Andean Community - General Secretariat Common Foreing Policy

CAN - Mercosur


The Andean Community and the Mercosur are moving with increasing rapidity toward their target of forming a free trade area that will benefit the 300 million inhabitants of their nine member countries.

The first concrete step in that direction was the signing, on April 16, 1998, of a Framework Agreement for the creation of a Free Trade Area between the Andean Community and the Mercosur, which established the bases for this enlarged market.

The Agreement stipulated that the negotiations would be conducted in two stages. In the first, a Fixed Tariff Preferences Agreement would be negotiated based on already existing accords and in the second, a Free Trade Agreement would be worked out.

In regard to Bolivia, the Agreement stated that, without prejudice to Complementarity Agreement No. 36 previously signed by that country, it would participate in the negotiations between the Andean Community and the Mercosur in order to bring that agreement into line, in all pertinent matters, with those that the parties sign.

Negotiation of the Tariff Preferences Agreement

The Andean Community and the Mercosur launched the negotiation of a Tariff Preferences Agreement in June 1998, based on the guidelines set out in the Framework Agreement.

The negotiating arrangement initially used (4 + 4 system) was changed at Brazil’s suggestion to one in which the Andean countries as a whole negotiated with each of the Mercosur countries separately (4 + 1), but always with the final objective in mind.

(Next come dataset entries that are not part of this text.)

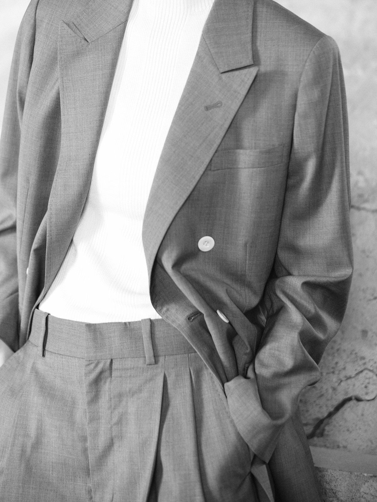 ジャケットを手掛けたのは、海外メゾンからも引く手数多なテーラード工場で日本五指に入ると言われている青森県南津軽郡の工場。日本のテーラード技術の素晴らしさを世界に伝え、縫製業界の現場をより良いものへ変えて未来に残していきたい、そんな工場の想いにも共感し念願の制作に至りました。カシミヤ織のウールジャケットやシルク混の梳毛ジャケットなど、様々な生地を使用した豊富なラインナップでご用意いたしました。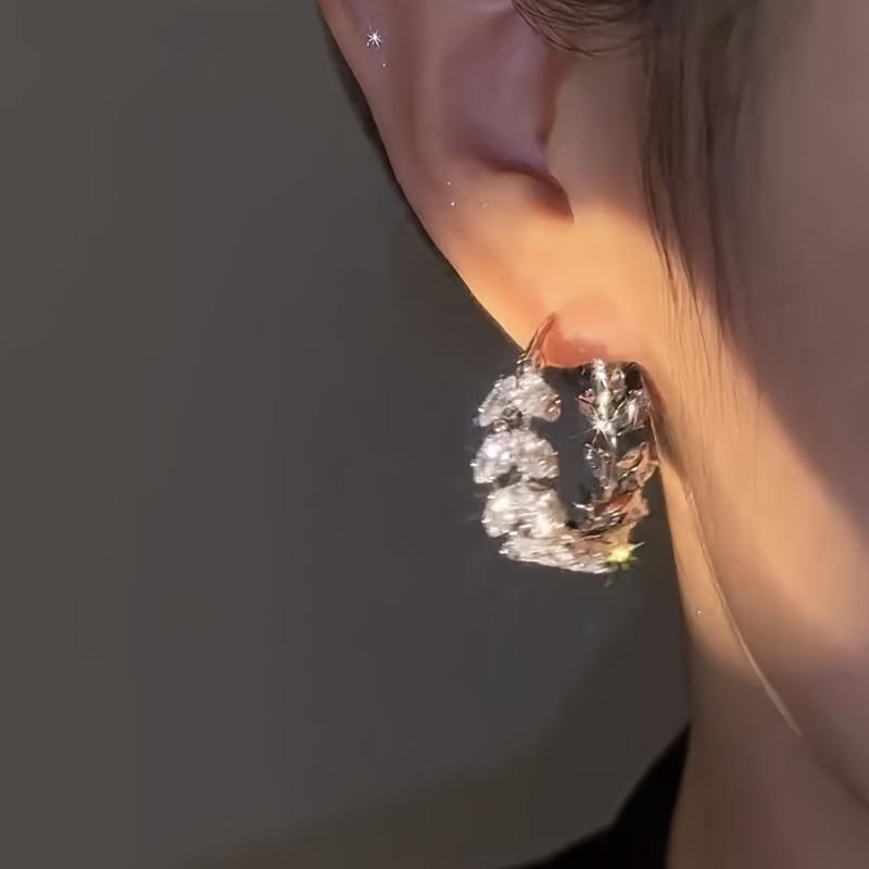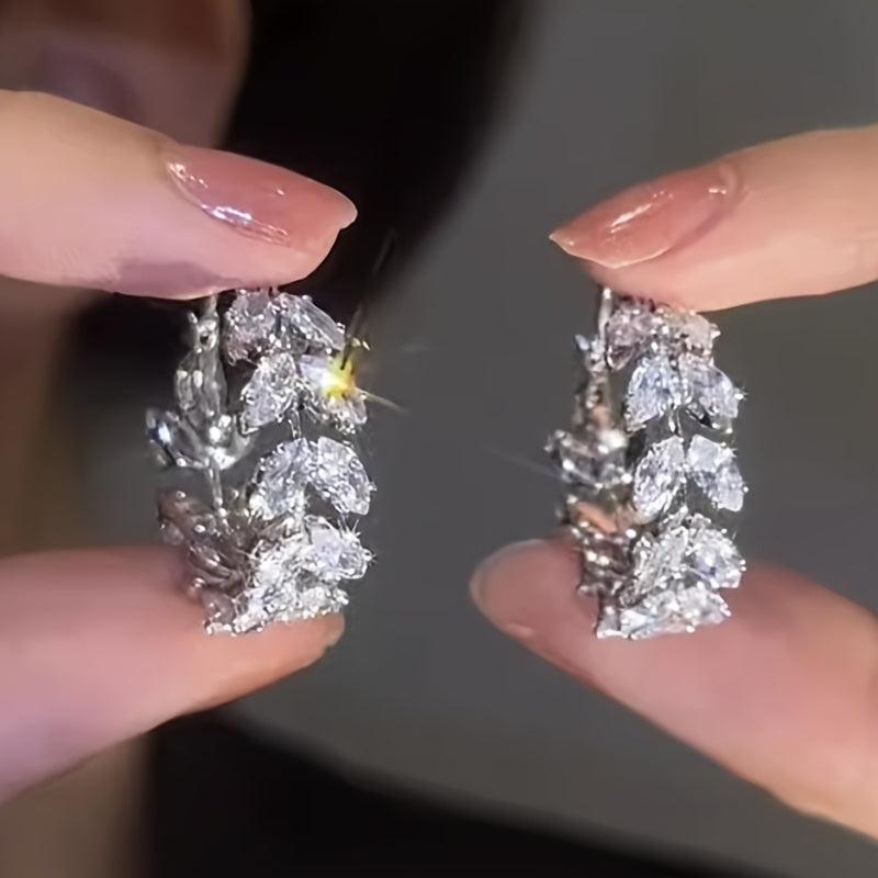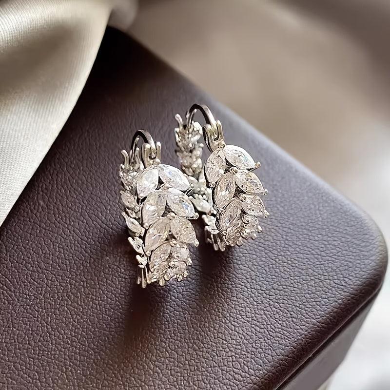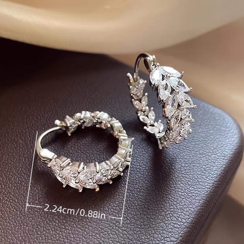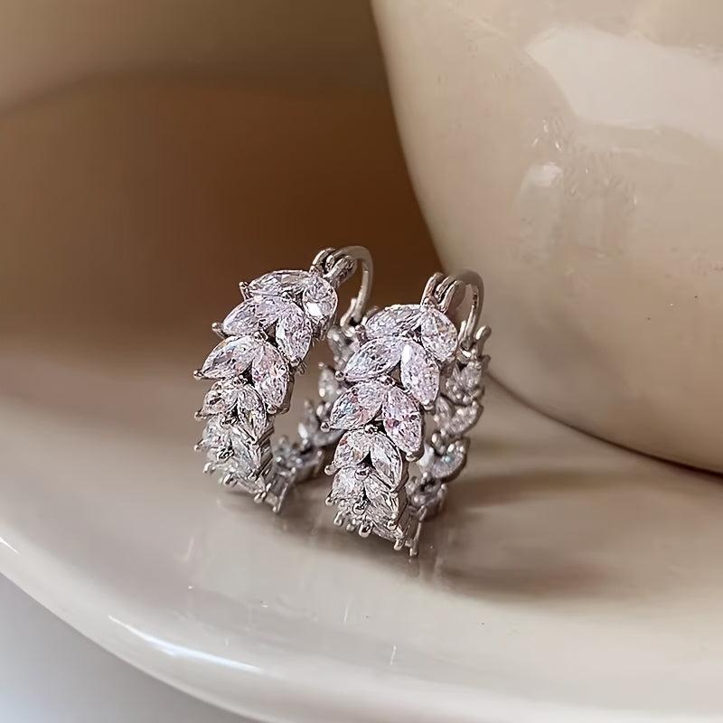 Elevate your look with these stunning hoop earrings featuring synthetic zirconia in a leaf design. Perfect for weddings, engagements, parties, and upscale casual jewelry.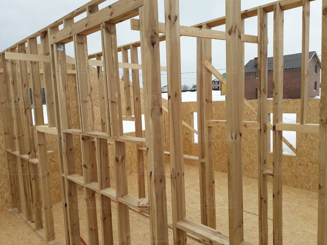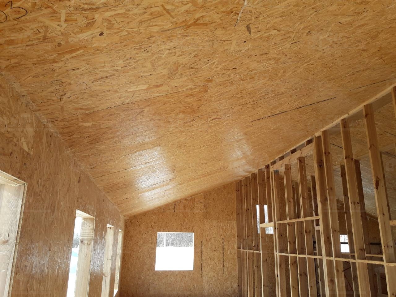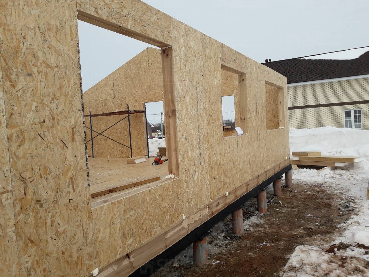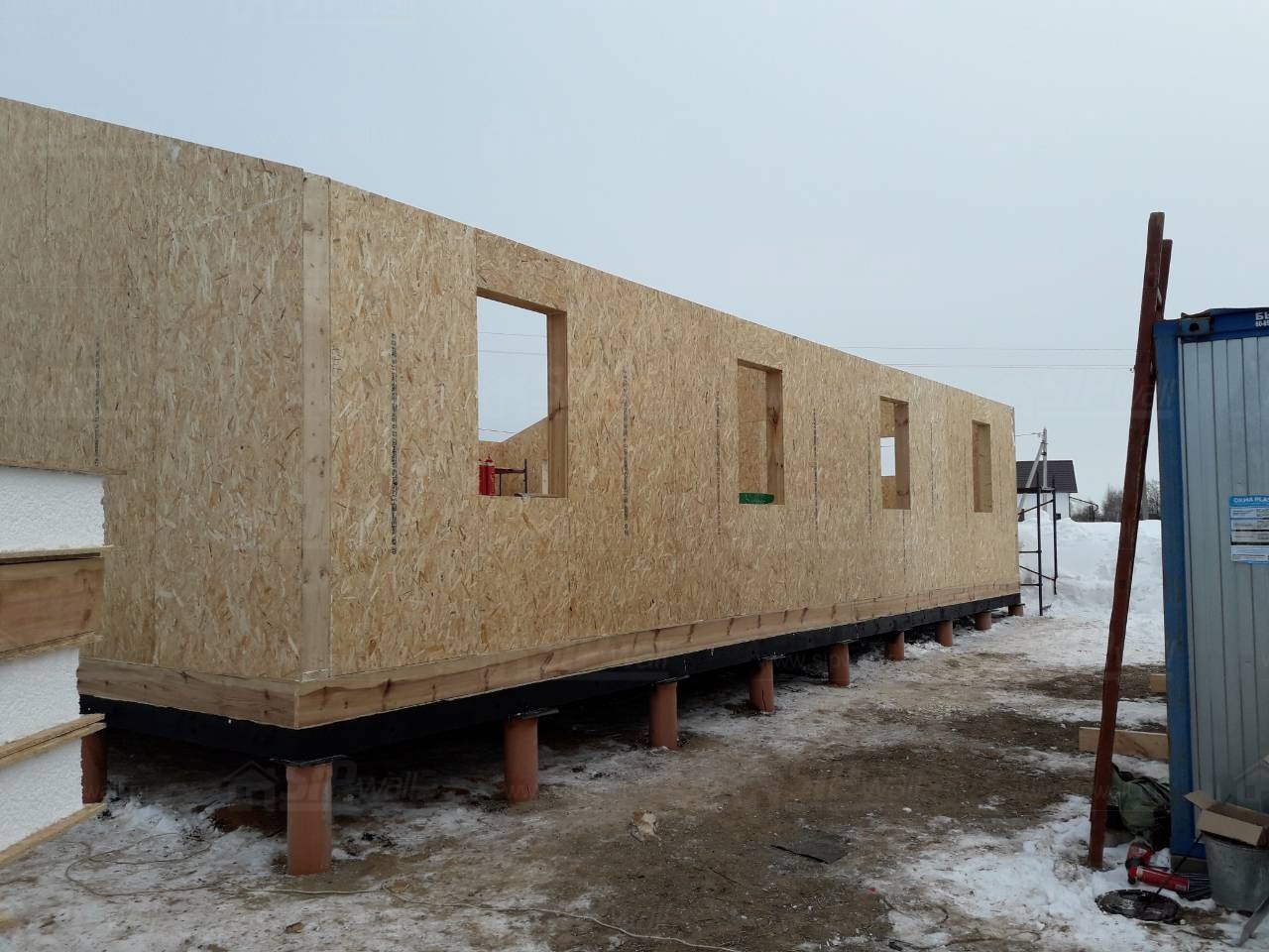 Все СИП панели SIPwall толщиной 224/174/124 мм (плиты OSB-3 толщиной 12 мм "Калевала" Россия и фасадный пенополистирол ПСБ-С 25 по ГОСТ 15588-14 толщиной 200/150/100 мм производства завода "PolarPlast", Россия) нарезаны и обрусованы сухим строганным брусом камерной сушки в соответствии с проектной документацией.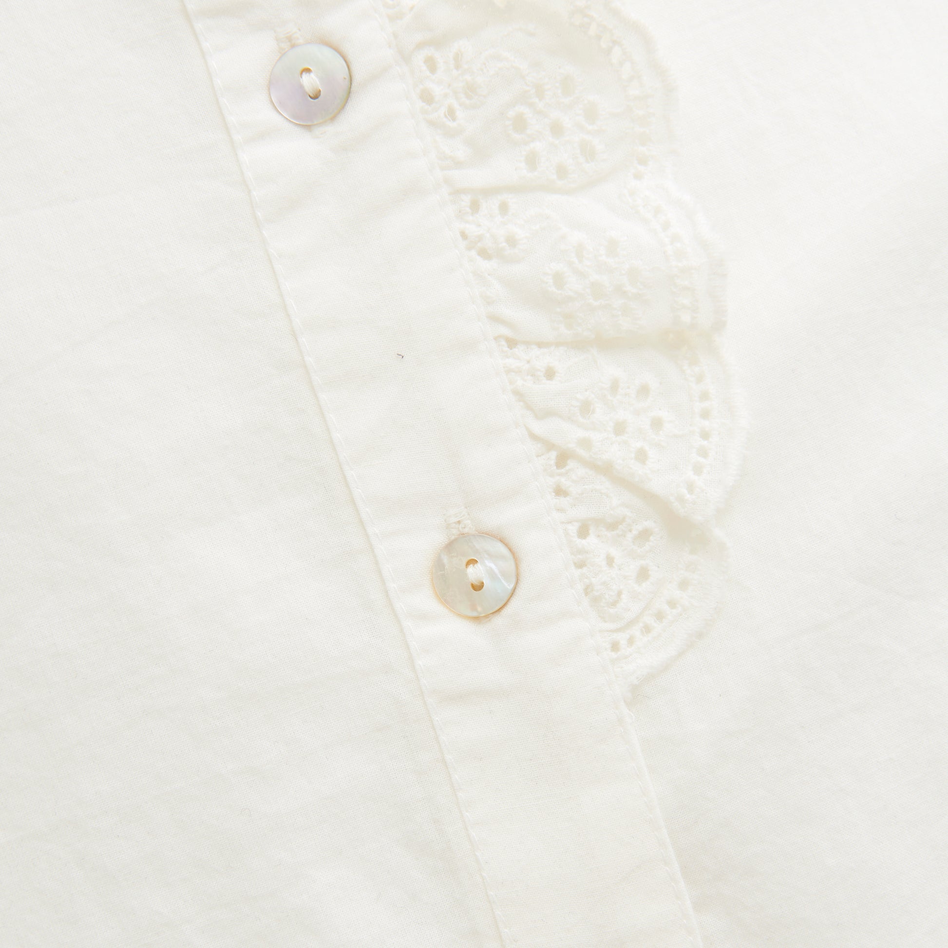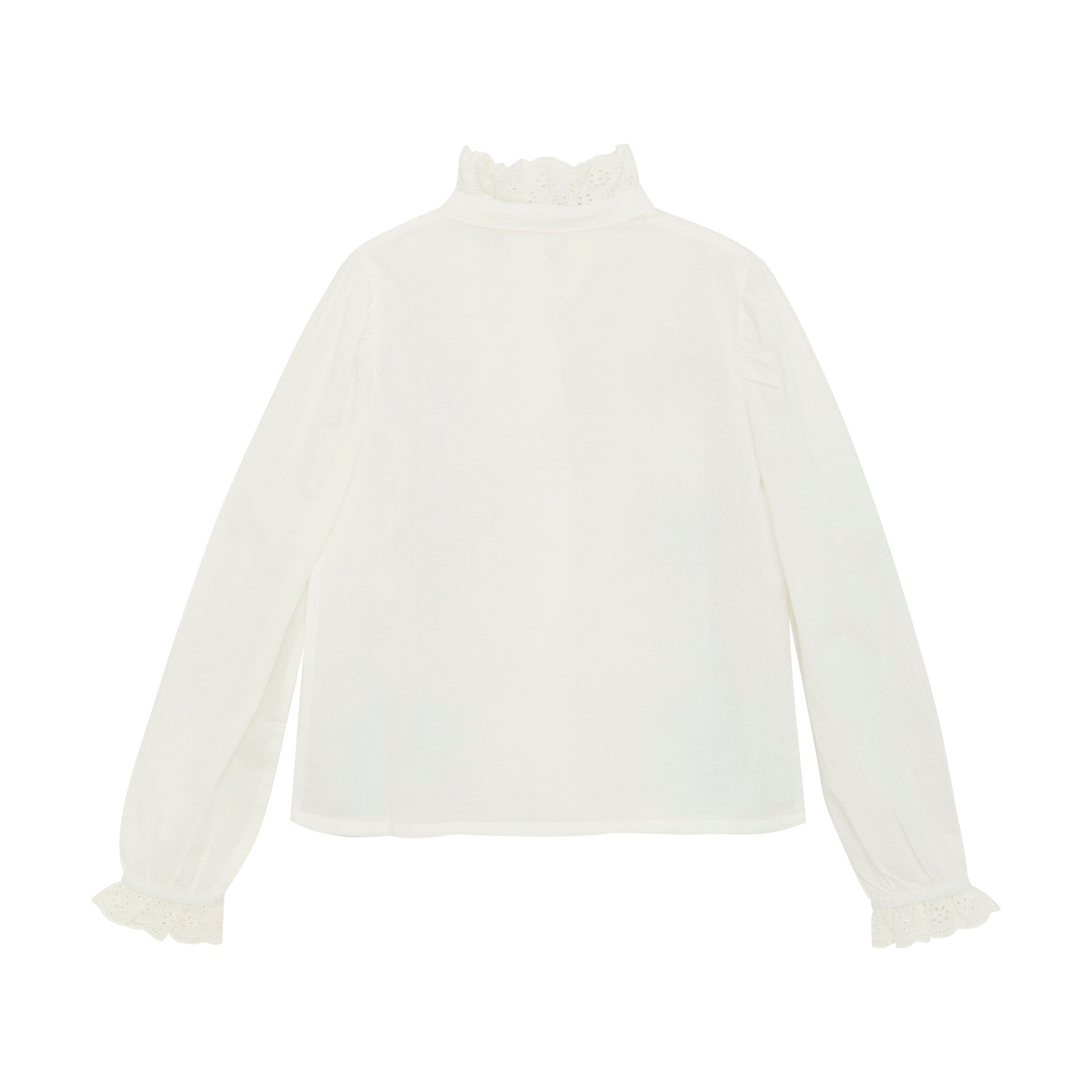 Elegant shirt with nice details. The shirt has a high frilled collar that goes down the closure. There are puff sleeves and the lace from the collar goes back into the sleeve openings. There are continuous buttons in the shirt.

As a result of these negotiations, on August 12, 1999, Colombia, Ecuador, Peru, and Venezuela signed a Partial Scope Economic Complementarity Agreement with Brazil that entered into effect four days later, on August 16.

Under that agreement, the two parties established fixed margins of preference as an initial step toward creating a Free Trade Area between the CAN and the Mercosur.

With the same aim in mind, Argentina and the CAN negotiated a Tariff Preferences Agreement that was signed on June 29, 2000 and became effective on August 1 of that same year.

Negotiation of the Free Trade Agreement

The second stage of negotiations, leading to the final objective of signing a Free Trade Agreement, is now underway. The first two meetings between the five Andean and four Mercosur countries were held on April 27 and August 24, 2001.

At both meetings, the two parties negotiated specific aspects of the Free Trade Agreement and expressed their intention to conclude negotiations before December 31, 2001, in keeping with the mandate handed down by the South American Presidents and the Andean Presidential Council.

Political boost

The negotiations between the Andean Community and the Mercosur for the formation of a free trade area have received special attention from the Presidents of the member countries of both groups.

At the South American Summit in Brasilia, the Heads of State of the CAN and the Mercosur decided to "start negotiations for the establishment, as soon as possible and before January 2002, of a free trade area between the MERCOSUR and the CAN" and recognized that the agreements signed by the CAN with Brazil and with Argentina "will represent a decisive boost toward the shared goal of forming an enlarged economic and commercial space in South America."

They went on to reaffirm "the understanding that the process of creating an enlarged economic area in the region will be the result of principles of open regionalism and will strengthen the positions of the South American countries in important negotiations that the region wishes to carry out successfully, such as those of a free trade area of the Americas, the negotiations involving the development of closer relations with the European Union, or those within the sphere of the World Trade Organization, among others."

At the Thirteenth Andean Presidential Council, held in Valencia, Venezuela, in June 2001, the leaders committed themselves to "do their utmost" to conclude those negotiations before December 31 of this year.

The Presidents attending the Twentieth Meeting of the Common Market Council and Summit of Heads of State of the Mercosur, held in June 2001 in Asuncion, Paraguay, for their part, underscored "the importance of continuing negotiations for the signing of an Agreement between the Mercosur and the Andean Community of Nations that will make it possible to establish strategic and progressive relations between the two subregional integration movements shortly."